Dysart's
- Company type: Private
- Industry: Retail (truck stops) (convenience stores)
- Founded: 1934; 92 years ago
- Headquarters: Hermon and Bangor, Maine
- Number of locations: 9
- Website: dysarts.com

= Dysart's =

Maine truck stop & restaurant

Dysart's is an American truck stop and restaurant chain located in Hermon and Bangor, Maine. Founded in 1967 by the Dysart family, it was named No. 1 for "best gas station and truck stop food in America" by Food & Wine magazine (2022). The restaurant received national attention when a blooper reel from a television commercial for the establishment, featuring locals Jack and Sonya Palmer, was uploaded to social media. The video was spoofed on Saturday Night Live in 2018.

==History==
The family trucking business was founded in 1920 by Marshall and Blanche Dysart, with a truck stop opening in 1934. The business remained there until 1958 when it moved to Brewer, Maine and then to its current location in Hermon after Interstate 95 was completed in Bangor, Maine. Founders David and Irene Dysart opened the truck stop and restaurant on Mother's Day, Sunday, May 14, 1967. David hired husband and wife, Greg and Betty Feeney, to run the truck stop kitchen; with Greg offering home-style cooking with large portions and Betty baking desserts.

For 52 years, Dysart's was open 24 hours a day, "every day except Christmas". On October 1, 2019, the restaurant reduced its hours to 5 a.m. to midnight due to a change in trucking laws and local establishments eliminating overnight shifts. The fuel operations and convenient store still operates 24/7. In 2014, Dysart's opened a second location in Bangor, Maine. Currently, there are 9 travel stops located throughout Maine; with two restaurants located in Hermon and Bangor. In 2025, a proposal was announced by Dysart's for a new location in Ellsworth, Maine.

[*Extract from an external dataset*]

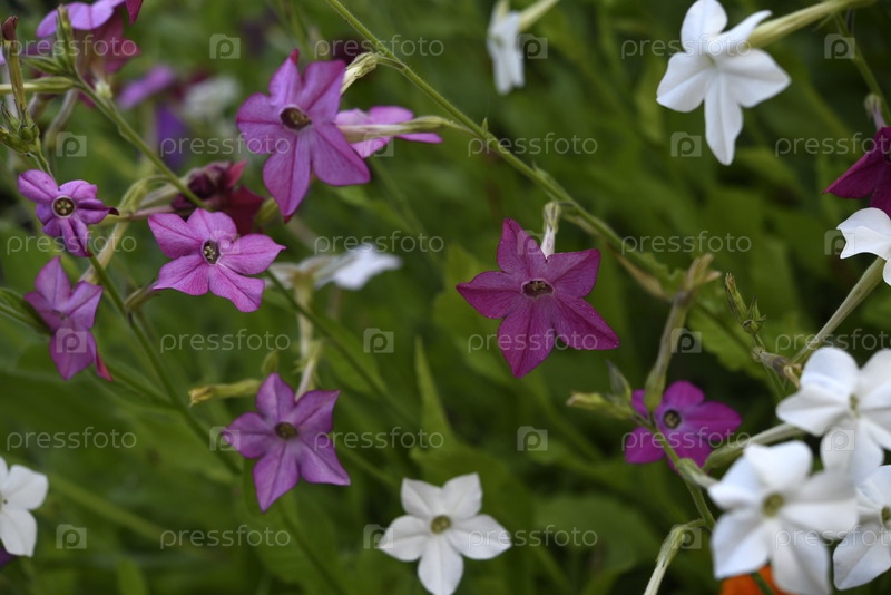 Красочные цветы декоративного табака. Nicotiana Alata. Садовый табак. Рассеянность цветов в саду

In 2022, Food & Wine magazine named Dysart's the "best gas station and truck stop food in America." Several trucking companies have listed Dysart's as one of the "10 Best Truck Stops" in America, voted by truckers, including Trucker Tools, Northeast Technical Institute, Hugo Hunter, Prime Inc, Basic Block, among others.

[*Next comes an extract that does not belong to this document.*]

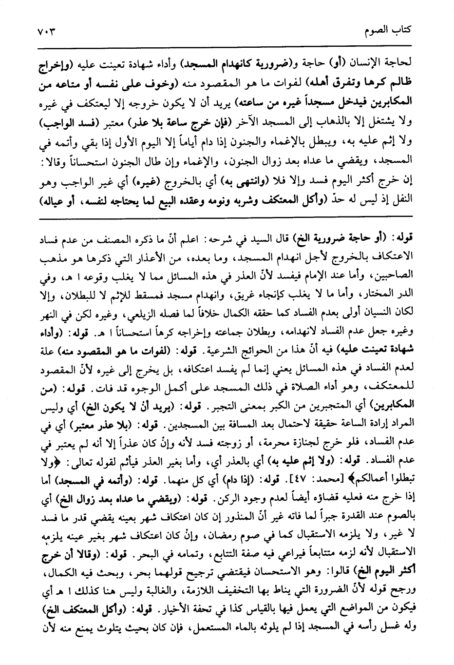 قوله: "أو حاجة ضرورية الخ" قال السيد في شرحه اعلم أن ما ذكره المصنف من عدم فساد الاعتكاف بالخروج لأجل انهدام المسجد وما بعده من الأعذار التي ذكرها هو مذهب الصاحبين وأما عند الإمام فيفسد لأن العذر في هذه المسائل مما لا يغلب وقوعه اهـ وفي الدر المختار وأما ما لا يغلب كإنجاء غريق وانهدام مسجد فمسقط للإثم لا للبطلان وإلا لكان النسيان أولى بعدم الفساد كما حققه الكمال خلافا لما فصله الزيلعي وغيره لكن في النهر وغيره جعل عدم الفساد لانهدامه وبطلان جماعته وإخراجه كرها استحسانا اهـ قوله: "وأداء شهادة تعينت عليه" فيه أن هذا من الحوائج الشرعية قوله: "لفوات ما هو المقصود منه" علة لعدم الفساد في هذه المسائل يعني إنما لم يفسد اعتكافه بل يخرج إلى غيره لأن المقصود للمعتكف وهو أداء الصلاة في ذلك المسجد على أكمل الوجوه قد فات قوله: "من المكابرين" أي المتجبرين من الكبر بمعنى التجبر قوله: "يريد أن لا يكون الخ" أي وليس المراد إرادة الساعة حقيقة لاحتمال بعد المسافة بين المسجدين قوله: "بلا عذر معتبر" أي في عدم الفساد فلو خرج لجنازة محرمة أو زوجته فسد لأنه وإن كان عذرا إلا أنه لم يعتبر في عدم الفساد قوله: "ولا إثم عليه به" أي بالعذر أي وأما بغير العذر فيأثم لقوله تعالى: {وَلا تُبْطِلُوا أَعْمَالَكُمْ} [محمد: 33] قوله: "إذا دام" أي كل منهما قوله: "وأتمه في المسجد" أما إذا خرج منه فعليه قضاؤه أيضا لعدم وجود الركن قوله: "ويقضي ما عداه بعد زوال الخ" أي بالصوم عند القدرة جبرا لما فاته غير أن المنذور إن كان اعتكاف شهر بعينه يقضي قدر ما فسد لا غير ولا يلزمه الاستقبال كما في صوم رمضان وإن كان اعتكاف شهر بغير عينه يلزمه الاستقبال لأنه لزمه متتابعا فيراعي فيه صفة التتابع وتمامه في البحر قوله: "وقالا أن خرج أكثر اليوم الخ" قالوا: وهو الاستحسان فيقتضي ترجيح قولهما بحر وبحث فيه الكمال ورجح قوله لأن الضرورة التي يناط بها التخفيف اللازمة والغالبة وليس هنا كذلك اهـ أي فيكون من المواضع التي يعمل فيها بالقياس كذا في تحفة الأخيار قوله: "وأكل المعتكف الخ" وله غسل رأسه في المسجد إذا لم يلوثه بالماء المستعمل فإن كان بحيث يتلوث يمنع منه لأن

David Dysart died in 1999 at the age of 71. Milton Dysart, David's cousin and co-founder, died on May 29, 2018.

==Commercial==
Dysart's received national attention in 2012 when local customers, Jack and Sonya Palmer of Hermon, appeared in a TV commercial for the restaurant. Due to Jack's continued inability to remember the words "buttery, flaky crust", the couple's outtakes went viral online. The Palmers were parodied in a 2018 "Saturday Night Live" sketch called Commercial Shoot with Will Ferrell and Kate McKinnon. Jack Palmer died on August 4, 2024.